A família Steinmetz, da qual descende o monsenhor Geremias, migrou da Alemanha para o Brasil em 1846. O destino foi a cidade de Feliz, no Rio Grande do Sul, depois Santa Emília e Cerro Largo, onde nasceu Carlos Nicolau que casou com Ana Maria Biiger e teve 11 filhos.
Ao mudar do Rio Grande do Sul para o Paraná, já haviam nascido quatro filhos – Célia Maria, Germano André, Ângelo Emílio e Jaime Inácio. E dona Ana estava grávida de mais um. A chegada em Sede Ouro, Sulina – que naquele tempo pertencia a Chopinzinho -, ocorreu em 18 de julho de 1964 e dia 26 de fevereiro de 1965 nascia o quinto filho, Geremias. Em Sede Ouro nasceram os outros seis: Susana Maria, Daniel Luiz, Juarez Carlos, Êthel Regina, Raquel Cristina e Isabel Carina.

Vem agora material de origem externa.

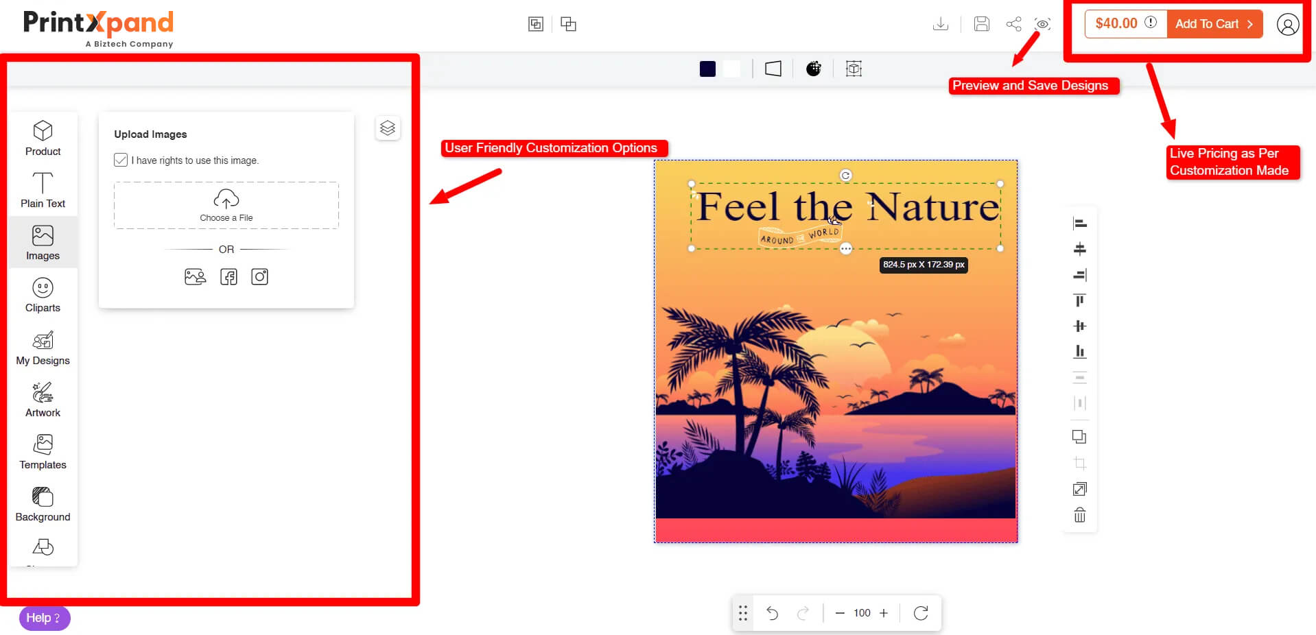 - Friendly User Interface: Easy-to-use and intuitive interfaces for your sellers and customers, enabling them to create a smooth way to create and purchase personalized products.

Geremias é o único com apenas um nome e é o mais alto de todos, mede 1,90. Mas não é o único religioso, o Daniel Luiz é irmão lassalista e a irmã mais velha, Célia Maria, é religiosa das Irmãs de Santa Catarina em Alegrete (RS). Os outros todos casaram e já tiveram 24 filhos.
Geremias deixou sua família para ingressar no Seminário São João Maria Vianney, de Palmas, quando tinha 12 anos. Estudou lá até graduar-se em Filosofia, no ano de 1986. De 1987 a 1990, cursou Teologia no Itesc de Florianópolis. E cursou mestrado em Liturgia em Roma, de agosto de 1995 a fevereiro de 1998. A ordenação presbiteral ocorreu em Sulina, dia 9 de fevereiro de 1991, pelo bispo dom Agostinho José Sartori. Em seus 20 anos de padre, passou pelas paróquias Senhor Bom Jesus e N.S. Aparecida de Palmas e N.S. da Glória e Cristo Rei de Francisco Beltrão. Foi reitor do Seminário de Filosofia Bom Pastor e do Instituto Sapientia de Filosofia e também lecionou neste instituto e na Faculdade Missioneira do Paraná, em Cascavel. De agosto de 2006 até ser nomeado bispo, em março de 2011, foi vigário geral coordenador diocesano da Ação Evangelizadora da Diocese de Palmas-Francisco Beltrão.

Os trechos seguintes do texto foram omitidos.